- About Us
Priest welcomed to Catholic church
Rather than lecturing or reciting Bible verse, Father Marc Powell read a story he’d written about a farm boy during church last week.
His homily, delivered expressively and emphatically, was as much an original theater piece as it was a sermon.
Powell, St. John Vianney Catholic Church’s new priest, wrote the short story, about Xavier’s struggles on the farm, for his parishioners. The soliloquy highlighted Powell’s passion for acting and playwriting, as well as his creativity in delivering a spiritual message.
But what was less evident from the pews last Sunday is that Powell, a self-described introvert, is also a saxophone player, an enthusiastic chef and a former professional journalist.
He’s a welcome fresh face at a congregation that’s had a tumultuous past year. After longtime priest Richard Roach died in November, the parish was without a permanent pastor, then saw a temporary priest from Uganda come and go. So it’s little wonder that parishioners seem thrilled that Powell, 38, has come to the church.
“He’s a very nice person,” said parish administrator Constance Walker. “He’s a very good listener, and I believe that he also responds to things that he hears — he’s responsive; he doesn’t just listen.”
Powell has reached out to get to know his parishioners since arriving on Vashon.
Ordained as a Catholic priest in 2003, Powell served in three other Puget Sound area churches before coming to St. John Vianney, a congregation of 240 families. Powell moved into the church’s rectory, a five-minute walk from the church on 115th Avenue S.W., on July 1. So far, he and the community seem to be a good fit, he said.
“There’s a warm and effervescent spirit in the people here,” Powell said. “They have been very eager to have a resident priest again.

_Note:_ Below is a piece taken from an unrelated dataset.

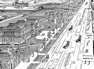 Первоначальные планы города Чикаго оставили район к востоку от Мичиган-авеню неразделённым и пустующим, а покупателям участков на Мичиган-авеню было обещано, что он останется незанятым. Когда в 1839 году бывший заповедник на месте форта Дирборн вошёл в состав городского поселения, план местности к востоку от Мичиган-авеню к югу от Рэндольфа был помечен как «Общественная территория. Должна всегда оставаться незастроенной»[~ 1].
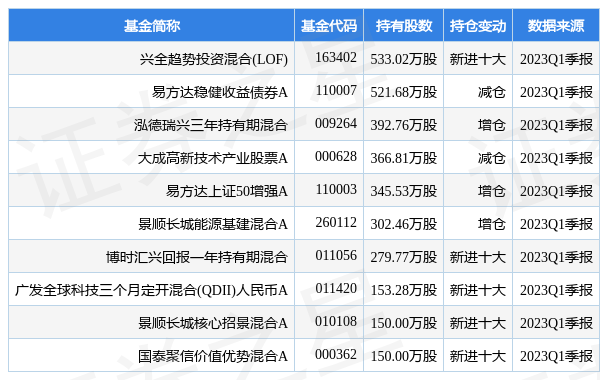 根据2023Q1季报公募基金重仓股数据,重仓该股的公募基金共165家,其中持有数量最多的公募基金为兴全趋势投资混合(LOF)。兴全趋势投资混合(LOF)目前规模为201.61亿元,最新净值0.6472(5月5日),较上一交易日下跌0.26%,近一年下跌3.9%。该公募基金现任基金经理为谢治宇 董理。谢治宇在任的基金产品包括:兴全合润混合(LOF),管理时间为2013年1月29日至今,期间收益率为497.05%;兴全合宜混合(LOF)A,管理时间为2018年1月23日至今,期间收益率为42.65%;兴全社会价值三年持有混合,管理时间为2019年12月26日至今,期间收益率为41.23%;董理在任的基金产品包括:兴全轻资产混合(LOF),管理时间为2017年11月23日至今,期间收益率为42.81%;

They’ve been extremely welcoming and hospitable.”
Powell, who earned a degree in journalism and worked for three years as a reporter for The Tacoma News Tribune before entering a seminary in 1997, said he left the newspaper to become a man of the cloth because he was dissatisfied.

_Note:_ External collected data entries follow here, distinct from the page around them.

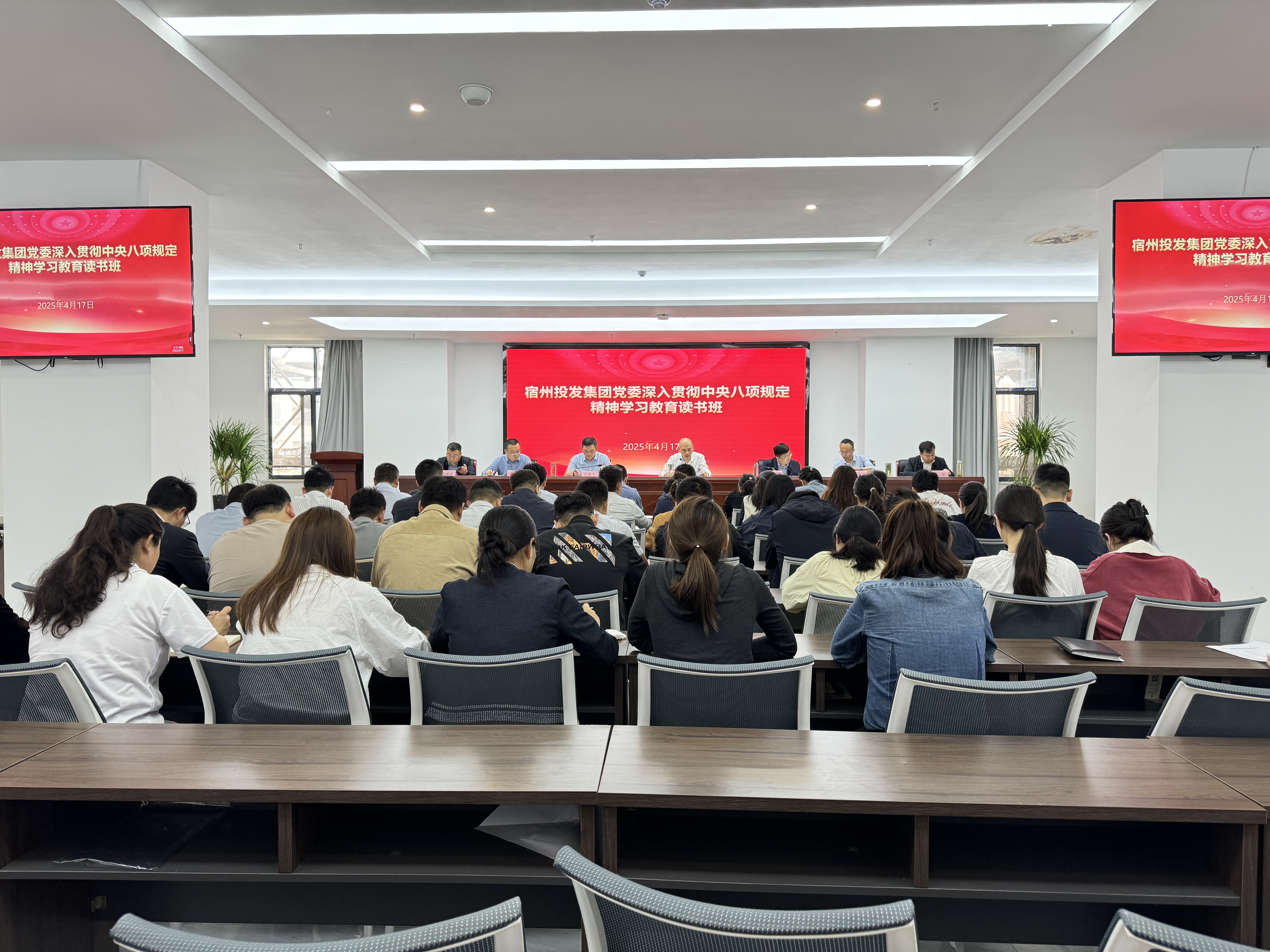 4月17日至18日,宿州投發(fā)黨委舉辦深入貫徹中央八項規(guī)定精神學(xué)習(xí)教育讀書班。建工股份黨委委員、副總經(jīng)理,宿州投發(fā)黨委書記、董事長朱忠明作開班講話,公司領(lǐng)導(dǎo)班子成員參加讀書班并開展研討。
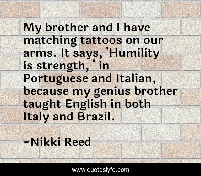 This page presents the quote "My brother and I have matching tattoos on our arms. It says, 'Humility is strength, ' in Portuguese and Italian, because my genius brother taught English in both Italy and Brazil.". Author of this quote is Nikki Reed. This quote is about genius, brother, humility,.
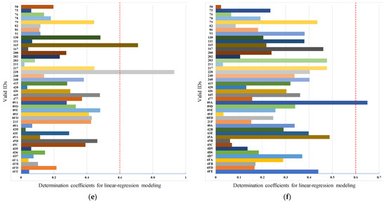 As can be seen from the results of the message filtering, the and threshold values for messages related to steering angle, acceleration, and brake pedal are generally small. This result is due to the slight variations in vehicle behavior when collecting these data. For example, the pedal is unlikely to be located at the lowest position when collecting the gas pedal angle while driving. In addition, the results for vehicle speed, gas pedal, and brake pedal show that a certain number of messages have an value that is below the threshold, but very close to it. Although these messages do not directly describe the state of the vehicle speed, gas pedal, and brake pedal, they do describe vehicle behavior correlated with the state. For example, the near-threshold telegrams in the throttle results describe the vehicle’s speed, torque, and acceleration, among other things. However, since these messages do not directly describe the vehicle speed, they are classified as irrelevant messages by the threshold. Also, as shown in Figure 11e,f, the of the messages related to wiper and gears are clearly distinguished from others. Since the vehicle behavior (gear angle and wiper angle) data and the related CAN messages are all discrete, they can be clearly distinguished from the other messages when the linear regression modeling is performed.

“I discovered I didn’t want to be an observer of people’s lives as a reporter, but wanted to be actively involved with a message that would be uplifting to them,” Powell said. “That was God’s message and the church’s message that I wanted to convey.”
Raised Catholic in Michigan and Spanaway, Powell wrote in a recent Sunday bulletin that his parents are “Christ figures” in his life. Indeed, both his homily, which is reprinted in the bulletin, and his message to his congregation were personal and illuminating.

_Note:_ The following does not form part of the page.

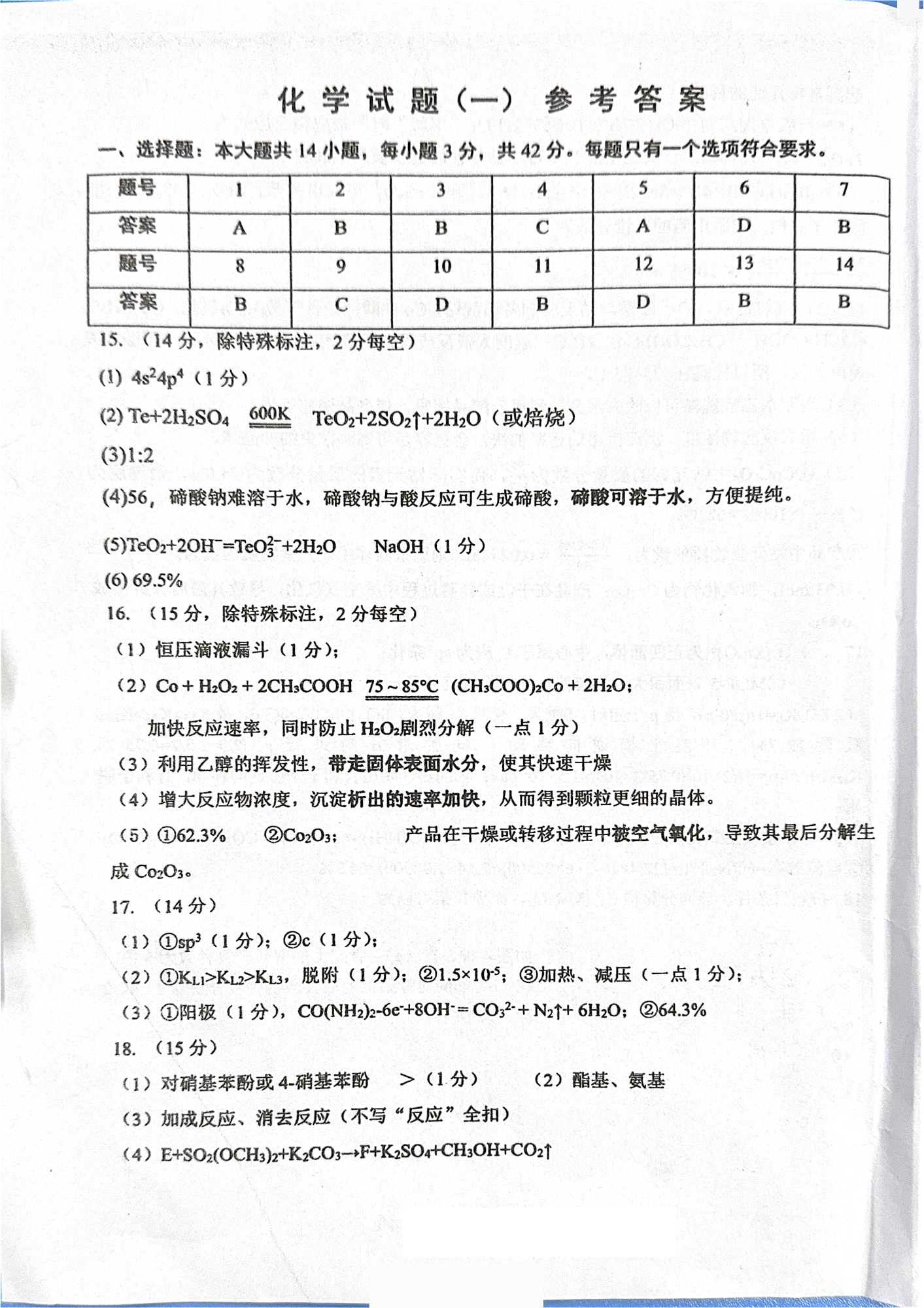 高三化学答案--重庆市第八中学2026届高三强化训练(一)

Powell said a strength he brings to Vashon’s Catholic congregation is his ability “to help others pursue God intellectually through the church.”
A strength of the parish, he added, is “their love of learning.”
He said he is in the process of observing and evaluating the biggest needs of the church and the larger community. After less than a month on the job, he already had met with leaders from some of the Island’s other faith communities and had ideas for ways they could coordinate their efforts.
“I think the big thing is trying to connect with my fellow ministers on the Island,” Powell said.
The group is working on ministering to the residents of the Vashon Community Care Center, for example, he said.
“Teaming up with other churches in outreach situations is something that will connect (St. John Vianney) to the community, I think,” Powell said. “On an Island this small, there’s no reason why we can’t work together.”
He extended an invitation to all Island residents to check out the Catholic church, a group he said is close-knit and welcoming.
Congregation member Maria Pottinger, who puts together the church’s Sunday bulletin, said she’s glad to have the friendly priest on board.
“He’s a breath of fresh air, because he has gifts that are different than Father Roach’s,” she said. “He’s so good with people. He has a really great presence in the sanctuary.”